NNEPA policy prohibits the use of unregulated sources for human consumption because these sources are not routinely tested and regulated in accordance with the Safe Drinking Water Act. These unregulated sources are susceptible to bacterial contamination, including fecal coliforms. Some of these unregulated water sources exceed drinking water standards for uranium and other chemicals. Nevertheless, human consumption of unregulated water is reportedly widespread due to a lack of public water systems in the more remote and sparsely populated regions of the Navajo Nation. The use of unregulated water sources is the greatest public health risk associated with drinking water for the Navajo Nation.

Uranium contamination is widespread on Navajo. There are many reports done on Navajo. Lots of reports, but very little action.

Here is one of many, many stories of water crisis on Navajo.

On the Navajo Nation, children with the most severe developmental disabilities attend a school called Saint Michael’s Association for Special Education.
Dameon David, 8, is waking up from a nap in his classroom. He has come to the school in northeastern Arizona for four years. He has cerebral palsy, seizures and scoliosis. His mom, Felencia Woodie, picks him up from a bed with Superman sheets.
“Other schools that he was going to go to, they didn’t have the nursing staff or the equipment he goes in, or the trained staff that they have here to do his suctioning, his feeding and his medications daily,” she says.

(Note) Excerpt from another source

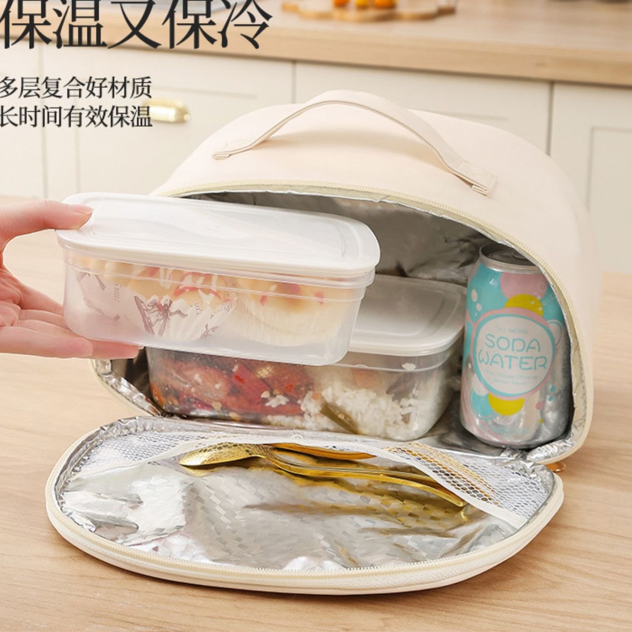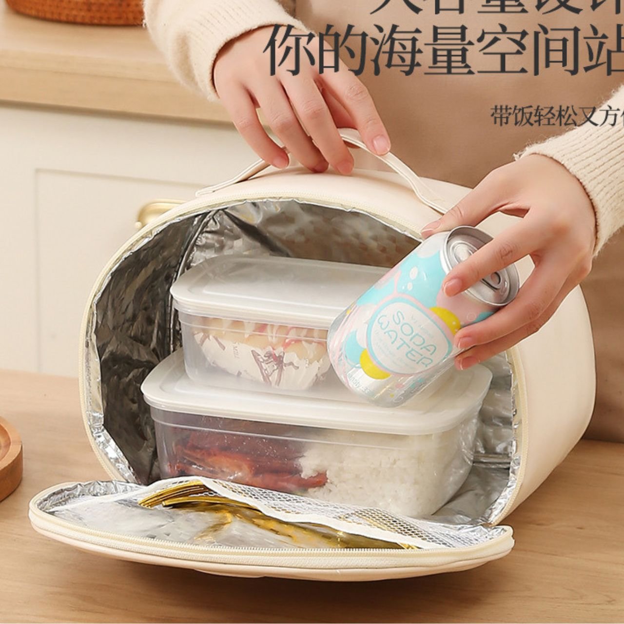 It has a spacious interior where you can easily store your lunch boxes, snacks, fruits, and drinks. The zip closure keeps everything safe and secure, while the sturdy handle makes it easy to carry to office, school, travel, or picnics.

Woodie, who also works at Saint Michael’s, says the only problem with the school is its water.
“It has a certain stench to it. Sometimes you’ll smell … kinda like a egg smell,” Woodie says. “Sometimes it’s yellow, brown, or even we’ve seen black.”
Many of the kids at Saint Michael’s are medically fragile. So they have equipment that needs to be cleaned daily.

The staff refuses to use the tap water to wash equipment. Instead, they use 5-gallon jugs of filtered water trucked in from many miles away.
More than one-third of the Navajo Nation — which is the size of West Virginia — doesn’t have running water. And at some of the places that do, like Saint Michael’s, people don’t want to drink it because it smells, tastes funny and looks bad.